[Start of section]

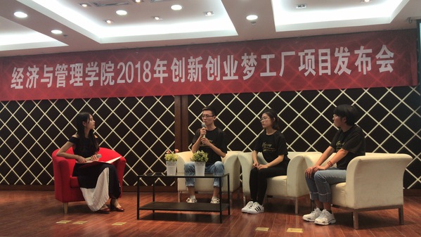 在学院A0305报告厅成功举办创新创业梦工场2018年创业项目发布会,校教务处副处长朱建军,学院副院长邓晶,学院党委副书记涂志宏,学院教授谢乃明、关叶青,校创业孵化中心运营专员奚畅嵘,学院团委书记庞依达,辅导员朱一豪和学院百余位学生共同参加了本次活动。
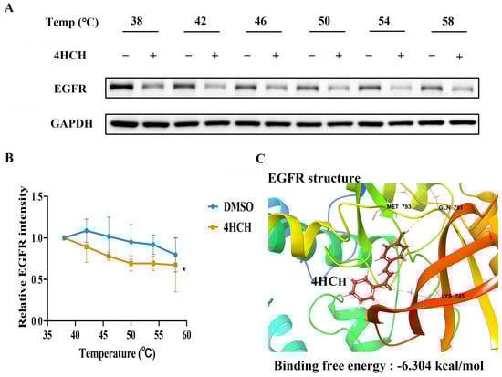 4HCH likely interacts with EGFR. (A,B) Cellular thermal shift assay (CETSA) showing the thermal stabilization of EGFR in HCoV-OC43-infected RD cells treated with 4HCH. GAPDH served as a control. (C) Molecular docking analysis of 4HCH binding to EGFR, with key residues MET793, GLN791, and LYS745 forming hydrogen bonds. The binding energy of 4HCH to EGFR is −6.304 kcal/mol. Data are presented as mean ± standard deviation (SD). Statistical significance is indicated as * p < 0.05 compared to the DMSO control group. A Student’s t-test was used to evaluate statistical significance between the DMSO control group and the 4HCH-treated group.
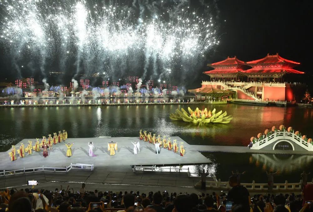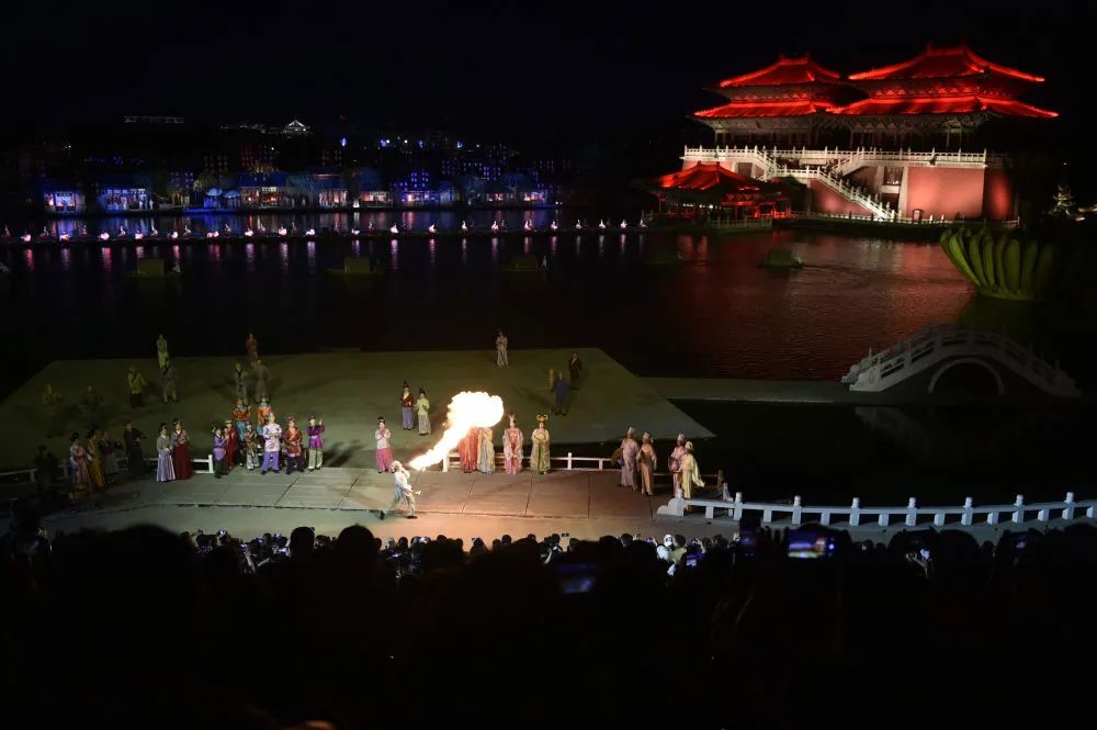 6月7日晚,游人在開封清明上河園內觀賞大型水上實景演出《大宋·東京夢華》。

[End of section]
[Start of section]

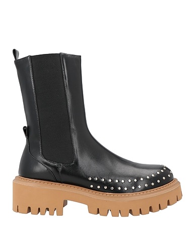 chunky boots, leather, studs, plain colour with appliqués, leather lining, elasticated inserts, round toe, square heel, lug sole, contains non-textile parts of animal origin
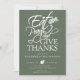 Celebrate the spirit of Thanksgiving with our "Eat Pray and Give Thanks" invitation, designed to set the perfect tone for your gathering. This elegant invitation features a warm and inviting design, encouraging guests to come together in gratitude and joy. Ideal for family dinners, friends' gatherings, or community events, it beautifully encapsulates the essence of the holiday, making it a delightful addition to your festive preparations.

[End of section]
[Start of section]

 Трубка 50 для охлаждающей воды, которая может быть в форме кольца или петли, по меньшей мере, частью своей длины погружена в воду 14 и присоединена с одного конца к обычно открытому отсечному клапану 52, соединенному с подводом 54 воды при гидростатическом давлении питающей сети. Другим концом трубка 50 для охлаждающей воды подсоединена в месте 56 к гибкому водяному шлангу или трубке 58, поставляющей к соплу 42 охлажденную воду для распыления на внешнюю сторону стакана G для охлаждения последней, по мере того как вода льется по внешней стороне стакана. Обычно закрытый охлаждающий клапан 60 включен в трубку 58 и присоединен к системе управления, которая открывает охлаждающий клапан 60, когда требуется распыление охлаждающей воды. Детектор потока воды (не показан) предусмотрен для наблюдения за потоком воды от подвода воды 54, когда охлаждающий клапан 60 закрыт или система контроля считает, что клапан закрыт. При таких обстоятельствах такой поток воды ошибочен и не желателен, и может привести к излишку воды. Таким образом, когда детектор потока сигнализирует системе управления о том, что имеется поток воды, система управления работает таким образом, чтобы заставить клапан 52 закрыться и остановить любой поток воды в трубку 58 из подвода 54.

[End of section]

» **TASK DESCRIPTION**
An exact copy is needed of the entries above, starting at the line that holds "chunky boots, leather, studs, plain" and stopping at the line that holds "Celebrate the spirit", both kept; pictures stay out.

» **ANSWER BOX**
 chunky boots, leather, studs, plain colour with appliqués, leather lining, elasticated inserts, round toe, square heel, lug sole, contains non-textile parts of animal origin
 Celebrate the spirit of Thanksgiving with our "Eat Pray and Give Thanks" invitation, designed to set the perfect tone for your gathering. This elegant invitation features a warm and inviting design, encouraging guests to come together in gratitude and joy. Ideal for family dinners, friends' gatherings, or community events, it beautifully encapsulates the essence of the holiday, making it a delightful addition to your festive preparations.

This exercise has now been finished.